Bluffer's Guide
Cheltenham's own brewery
Battledown Brewery LLP The Keynsham Works, Keynsham Street, Cheltenham, GL52 6EJ
Bluffers Guide
How to sound like a brewing expert! A bluffer’s guide to the brewing process.
Our process starts with water, pure and simple, then we do our best to complicate that with some very old and peculiar words. For each gyle we charge the Hot Liquor Tun with liquor, and, if anything needs adding in the way of minerals etc, this is usually when it’s done. We’re lucky with ours, we don’t add anything, well hardly anything, - we’ve got to have some secrets. Some brewers burtonise the liquor, we don't. The liquor is heated up to the strike temperature. This is usually done overnight as watching this is as exciting as watching a kettle boil, well very similar really, only bigger, much bigger.

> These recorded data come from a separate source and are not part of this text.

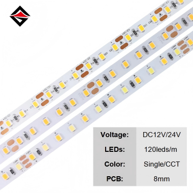 (२) शक्ति:आमतौर पर, 24V लाइट स्ट्रिप में अधिक शक्ति होती है क्योंकि उच्च वोल्टेज अधिक एलईडी लाइट मोतियों को चला सकते हैं।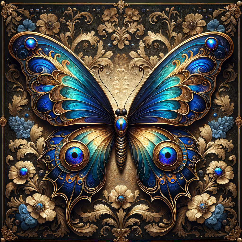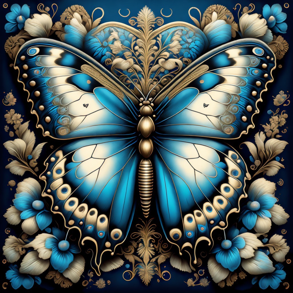 A digital artwork of a vibrant blue butterfly with detailed wings, surrounded by ornate gold floral patterns on a dark background.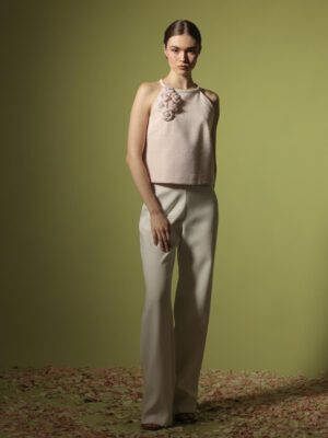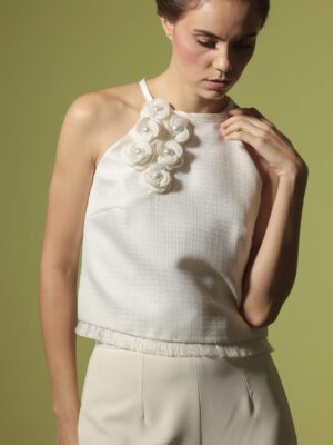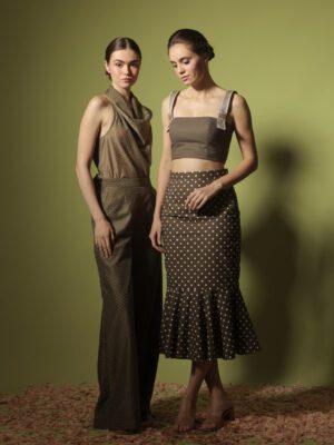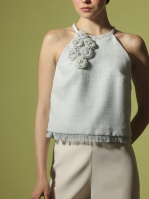 Periwinkle floral silk brocade corseted bustier structured drop waist midi dress with gathered bubble skirt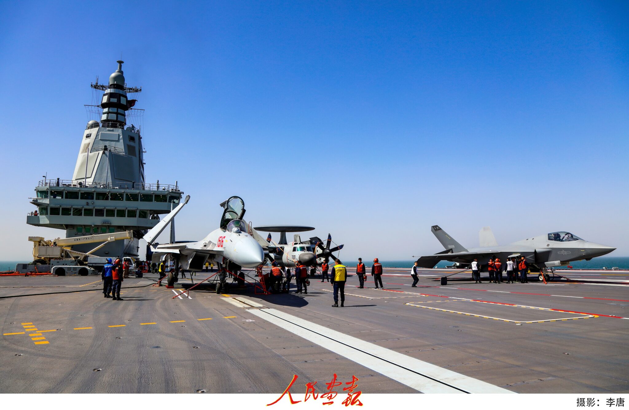 The flight deck of Fujian, featuring the carrier's “island” with a state-of-the-art phased-array RADAR, a J-15 fighter (the copy of a Russian design), a KJ-600 early warning aircraft and a 5th generation J-35 stealth fighter.
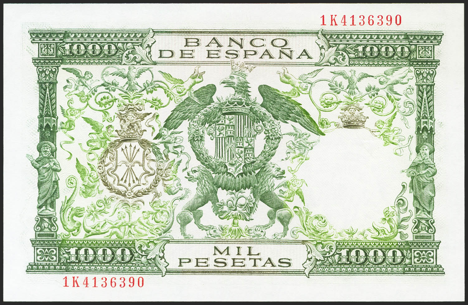 1000 pesetas. November 29, 1957. Series 1K. (Edifil 2021: 469b). It retains all its original sizing. Uncirculated.
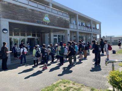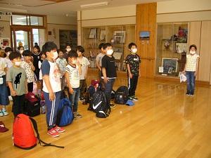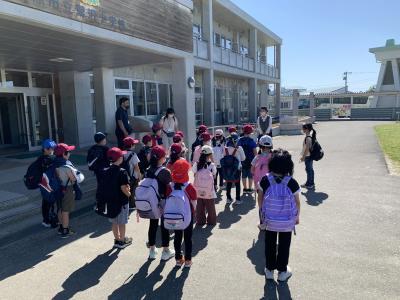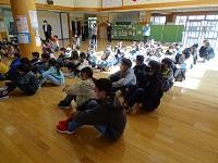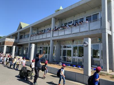 5月31日(水)朝,晴天の下,1~4年生が遠足に出発しました。みんな出席し,元気です。5.6年生がベランダからお見送りしてくれました。
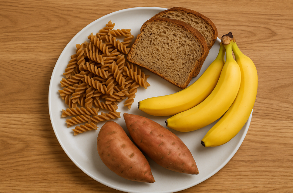 · 경기 전에는 통곡물밥, 파스타, 고구마, 바나나 같은 복합 탄수화물로 에너지를 채워두세요.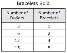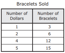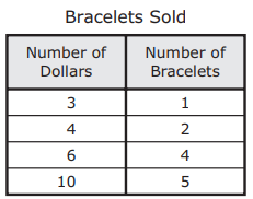 Which table represents the numbers of bracelets that would be sold for different numbers of dollars?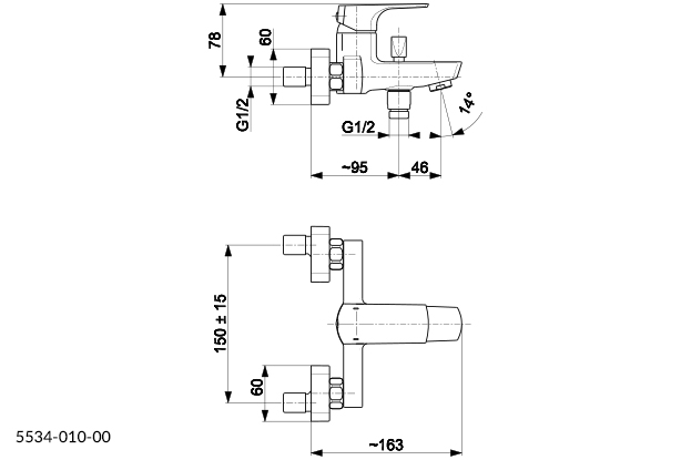 - Rozstaw przyłączy [mm]: 150 ± 15 mm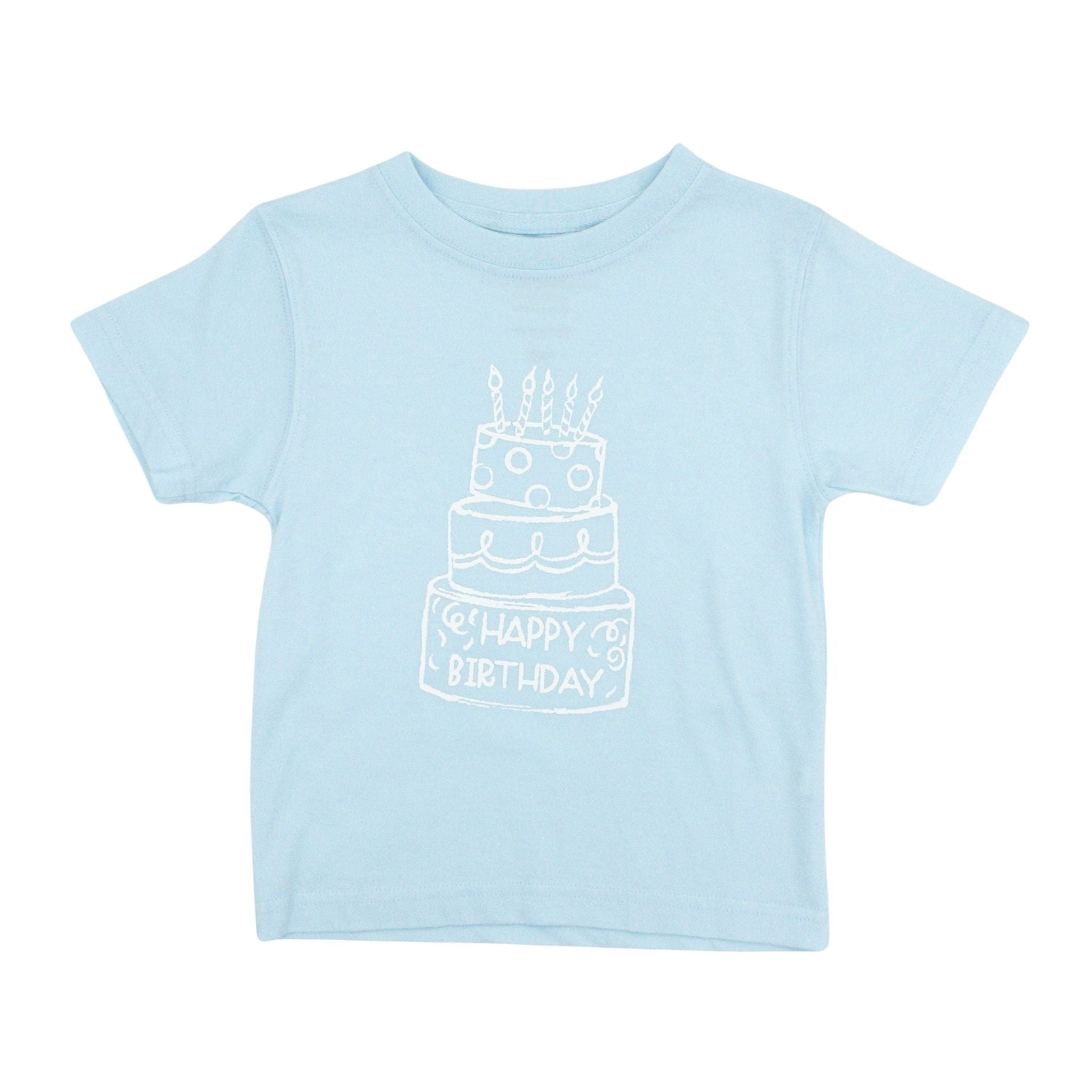 Celebrate in style with this cheerful light blue t-shirt featuring a fun birthday cake design. Perfect for parties and special occasions, this comfortable tee is ideal for your little boy. The playful cake graphic in white brings joy to any birthday celebration, making it a great choice for festive gatherings. Soft, durable fabric keeps him comfortable all day long while he enjoys the party in this fun shirt!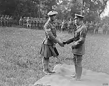 King George V investing Sergeant Charles William Train of the 2/14th Battalion, London Regiment (2nd Battalion, London Scottish) with the Victoria Cross at the Second Army Headquarters. Blendecques, 6 August 1918.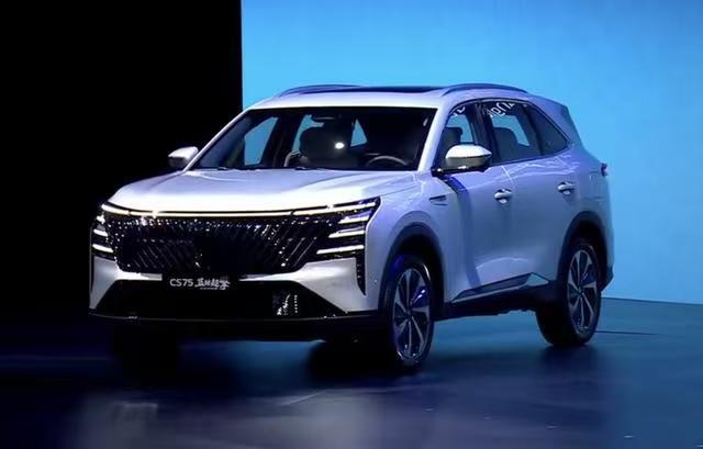 首搭蓝鲸超擎混动系统,长安CS75 PLUS HEV首发 3月30日,长安汽车发布了蓝鲸超擎混动技术,首款搭载该系统的车型CS75 PLUS HEV也同步亮相。新车外观细节与在售燃油版有所区别,动力采用1.5T油电混动系统。更多信息将在4月24日开幕的2026北京车展公布。目前在售的第四代CS75 PLUS燃油版指导价为10.89万-13.99万元。 从实车和申报图看,CS75 PLUS HEV的前格栅采用斜向镀铬饰条,形成V字形效果,两侧大灯与中央灯带组成贯穿式造型。前包围集成梯形散热口,带主动格栅功能。侧面和尾部与燃油版基本一致,但门把手换成了传统机械式,这一点和不少新车型反着来——现在很多车都在用隐藏式,它反而回归传统。尾门右下角有“HEV”标识。 车身尺寸与燃油版相同,长宽高4770/1910/1698(1705)毫米,轴距2800毫米。轮毂提供18、19、20英寸多种样式可选。 内饰变化不大,新增“暮雪青山”配色。预计沿用10.25英寸全液晶仪表、14.6英寸中控屏、12.3英寸副驾娱乐屏的三联屏,配双色三辐方向盘和电子怀挡。中岛区域有木纹饰板、手机无线充电板和双杯架。 这是核心变化。CS75 PLUS HEV首搭蓝鲸超擎混动,由1.5T发动机和电机组成油电混动系统,发动机最大功率110千瓦,配三元锂电池,最高车速185公里/小时,工信部申报综合油耗4.69升/100公里。 官方称,蓝鲸超擎混动采用500bar超高压直喷技术,混动发动机热效率接近45%。搭载该系统的轿车城区油耗最低2.98升/100公里,SUV城区油耗最低3.98升/100公里。 除了CS75 PLUS HEV,长安CS55 PLUS HEV、UNI-V HEV、逸动HEV等车型也已申报,预计上半年陆续推出。长安计划推动全系燃油车搭载超擎混动技术,未来还将推出插混和增程版本。 CS75 PLUS HEV是长安燃油车HEV化的首款车型。4.69升的申报油耗,比燃油版省不少。机械门把手的回归,算是一个务实的改动。北京车展会有更多信息公布。

A carefully measured amount of various barley malts is crushed and any adjuncts added, this grist is moved to the Mash Tun, where it is doughed-in with the hot liquor from the tun. The goods, are steeped, (the first runnings being added back to the top of the grain bed until they start to run clear) then sparged for an hour using more liquor to extract the sweet wort. This hot wort is pumped into the copper via the valentine and underback, and heated to a slow boil; bittering hops being added in various quantities at various times over the next two hours and aroma hops added towards the end of the boil. The boil continues until the required gravity (O.G.) is achieved, at which point the wort is rapidly cooled and, leaving the trub behind, moved into the fermenter where the yeast is pitched. Then, for about a week, we do virtually nothing, play cards, listen to the Archers that sort of thing. That’s about it! We might prime the casks with a small amount of brewing sugar, then we rack the green beer and bung the firkins or kilderkins and do nothing for another week or so, then, when we feel like it, we deliver them to the pub. The rest is up to you.